End of the road for Danish ‘X Factor’

DR explains that it didn’t want the concept to go stale

Children up and down Denmark woke up to two bits of really bad news on Tuesday: they’ll never get the chance to appear on ‘X Factor’ because next year’s season will be the long-running show’s last.

Most of them have been reared on the wintertime slik fest, which since 2008 has been piling Danish families onto the sofa to munch on confectionery and chew over singing abilities.

But now DR is calling time. “The easiest thing would have been to continue with ‘X Factor’ until the viewers had become tired of it,” it said. “But a public service station like DR has an obligation to be relevant and to bravely try new things.”

Writing on the wall a while
The show was an undeniable ratings hit, with audiences often climbing above the 1.5 million mark between 20:00 and 22:00 on Friday night, but from as early as the fourth or fifth series, the x-factor was becoming harder to detect among the contestants.

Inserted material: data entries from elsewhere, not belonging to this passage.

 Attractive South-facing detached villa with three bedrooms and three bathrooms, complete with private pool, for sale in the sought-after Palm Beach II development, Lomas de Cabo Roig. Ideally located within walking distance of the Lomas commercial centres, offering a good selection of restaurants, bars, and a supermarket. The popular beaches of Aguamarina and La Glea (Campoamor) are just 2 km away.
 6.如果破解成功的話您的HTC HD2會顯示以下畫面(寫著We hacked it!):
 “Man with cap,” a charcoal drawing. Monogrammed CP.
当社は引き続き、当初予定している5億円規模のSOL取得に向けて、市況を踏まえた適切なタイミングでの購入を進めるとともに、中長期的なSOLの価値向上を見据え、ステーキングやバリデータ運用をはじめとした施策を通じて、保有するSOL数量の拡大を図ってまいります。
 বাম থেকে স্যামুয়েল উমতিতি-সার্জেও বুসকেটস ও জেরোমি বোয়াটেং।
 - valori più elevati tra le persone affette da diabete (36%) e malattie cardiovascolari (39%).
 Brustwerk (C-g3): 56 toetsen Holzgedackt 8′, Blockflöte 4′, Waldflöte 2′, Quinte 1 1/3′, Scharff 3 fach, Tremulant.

A country with 5.5 million people has a limited pool of talented singers prepared to go on such a show, and lately the show was becoming increasingly dependent on fresh meat – teens who had just become eligible by turning 16 and couldn’t see the downside.

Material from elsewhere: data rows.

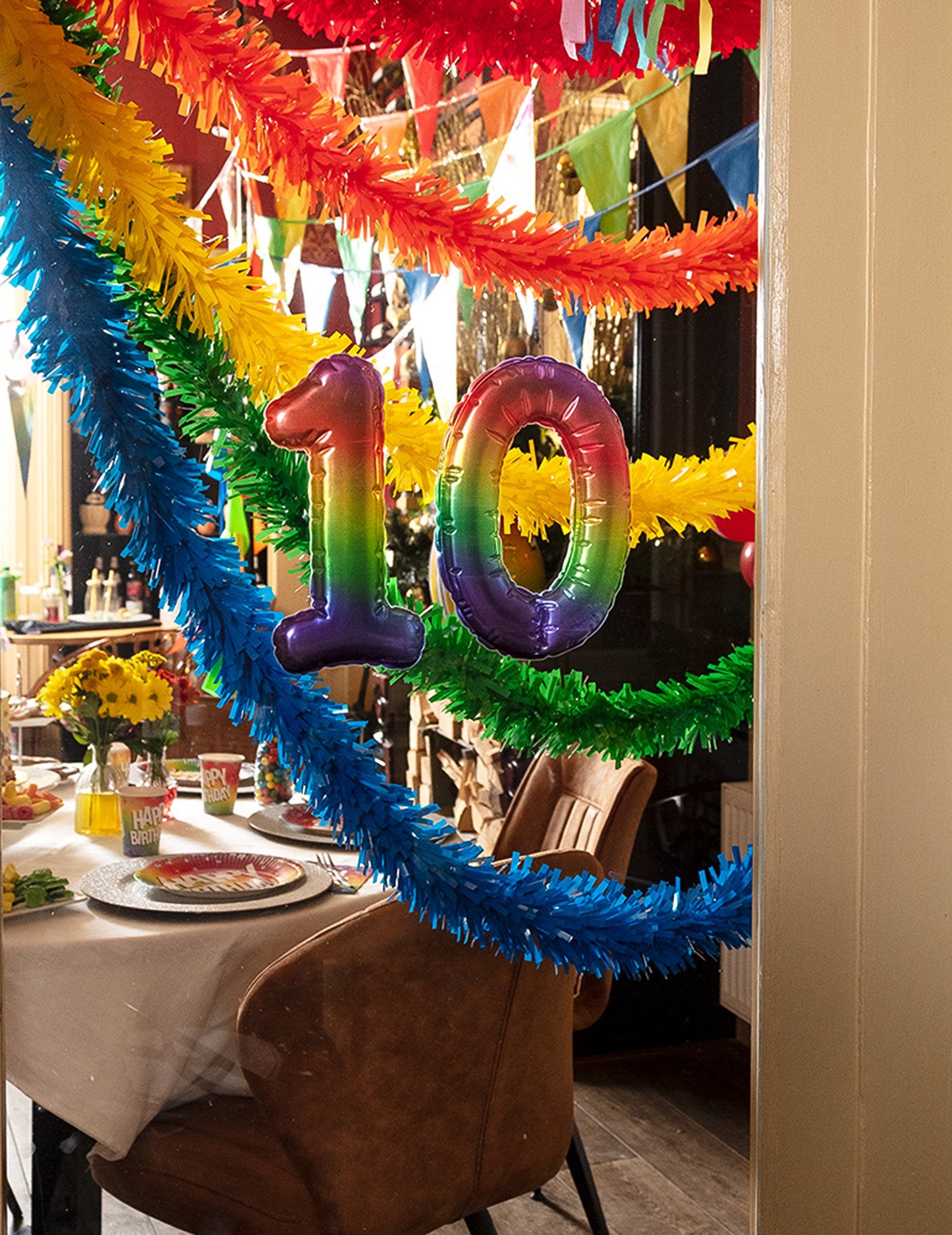 Ta girlanda iz PVC-ja je oranžne barve in meri približno 10 metrov v dolžino. Obdelana je za odpornost proti ognju. Ta dodatek bo idealen za okrasitev vaše dvorane ali zunanjega prostora med zabavo v kostumih ali tematskim dogodkom.
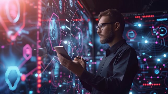 Engineer collaborates on digital twin construction project using bim and advanced modeling software
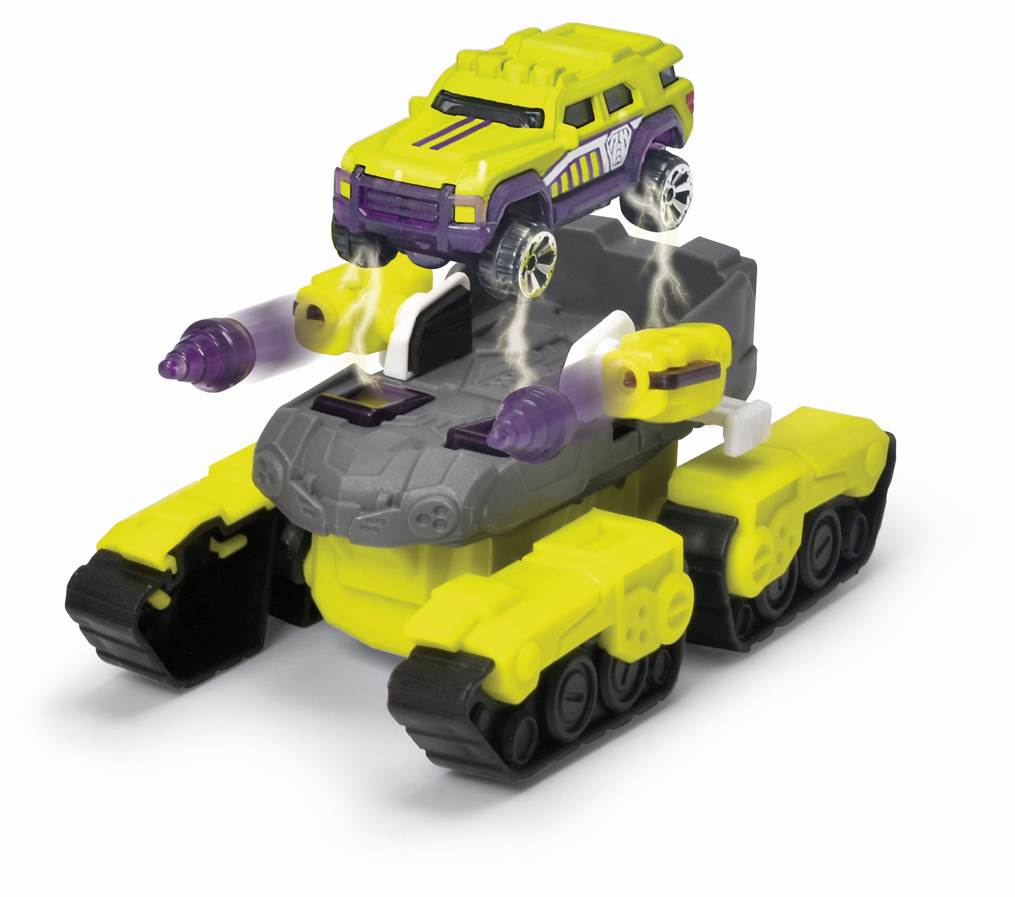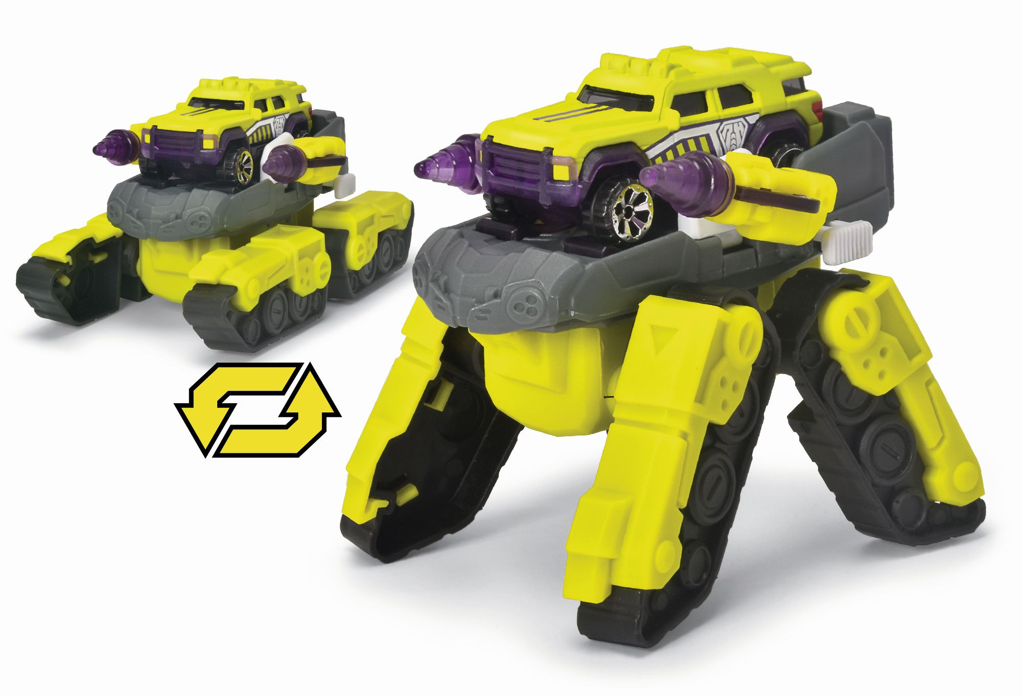 Skládací transformer vozidlo 2 v 1 - tank a inovativní robotické vozidlo. Vozidlo pro speciální operace, tank se bez námahy pohybuje po jakémkoli terénu. Když se přiblíží k překážce, jednoduše rozloží své pavoučí nohy a promění se v robota. Včetně kovového autíčka (7,5 cm) na palubě, které lze připevnit a sejmout pomocí klipsu. Auto lze ručně přeměnit na robota. Pokud by nestačila funkce 2 v 1 a přídavné silniční vozidlo, má futuristické vozidlo také dvě manuální věže po stranách. Kabina vozidla je kompatibilní s podobnými modely, stejně jako stavební bloky ve střeleckých zařízeních. V měřítku 1:64. Výška 12 cm.
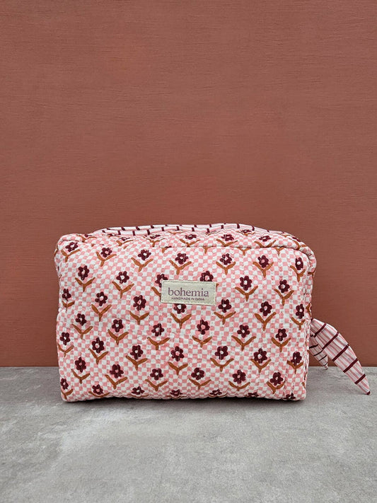 Medium Daisy Check Block Printed Cosmetic Wash Bag Handmade in India
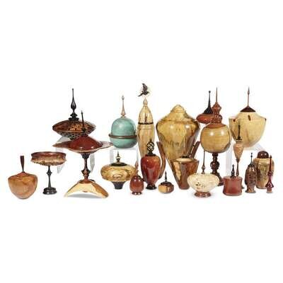 A COLLECTION OF TURNED AND CARVED WOOD VESSELS WITH FINIAL TOPS VARIOUS MAKERS
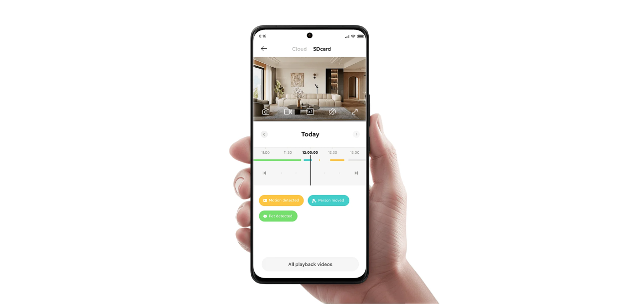Камера поддерживает обнаружение движения и отправляет уведомления при активности в кадре. Видеоархив может сохраняться как в облачное хранилище, так и на карту памяти, что дает гибкость в выборе способа хранения данных.

As well as intense media interest, there are certain radio stations who steadfastly refuse to play music made by former ‘X Factor’ and Eurovision contestants, and one of the tabloids had a field day when it discovered one of the winners, Sarah from Series 4, working in a hardware store barely three years after winning.

Judging by their bank balance
The same can’t be said for the judges, most particularly music producer Remee and Thomas Blachman, a jazz musician who has recently become rich off the back of licensing ‘Mentor’, a show similar to ‘X Factor’ but with a few tweaks – a similar story to Simon Cowell’s reworking of ‘Pop Idol’.

As a last hurrah the producers have hired singer Sanne Salomonsen, a huge name in the early 1980s, to join the panel for the final series.

Replacing the insipid Mette Lindberg, she might finally provide the show with the battleaxe it has been sorely lacking – a foil to Blachman’s steady flow of nonsense.

For the record, Blachman’s been a judge for every season bar one and won it only once. In contrast, Remee is four from six.

First poposed last year
Finally, if anyone’s looking for someone to blame … or thank … try Danske Folkeparti.

In August 2016, it proposed cutting ‘X Factor’ in a bid to reduce DR’s spending under the next media deal, which comes into effect next year and will shortly be negotiated by MPs.

At the time, DR chairman Michael Christiansen said cutting light entertainment programs like X Factor made little sense, but with pressure mounting on the public broadcaster to reduce its costs – amid talk of abolishing the licence fee altogether – it has now clearly changed its tune.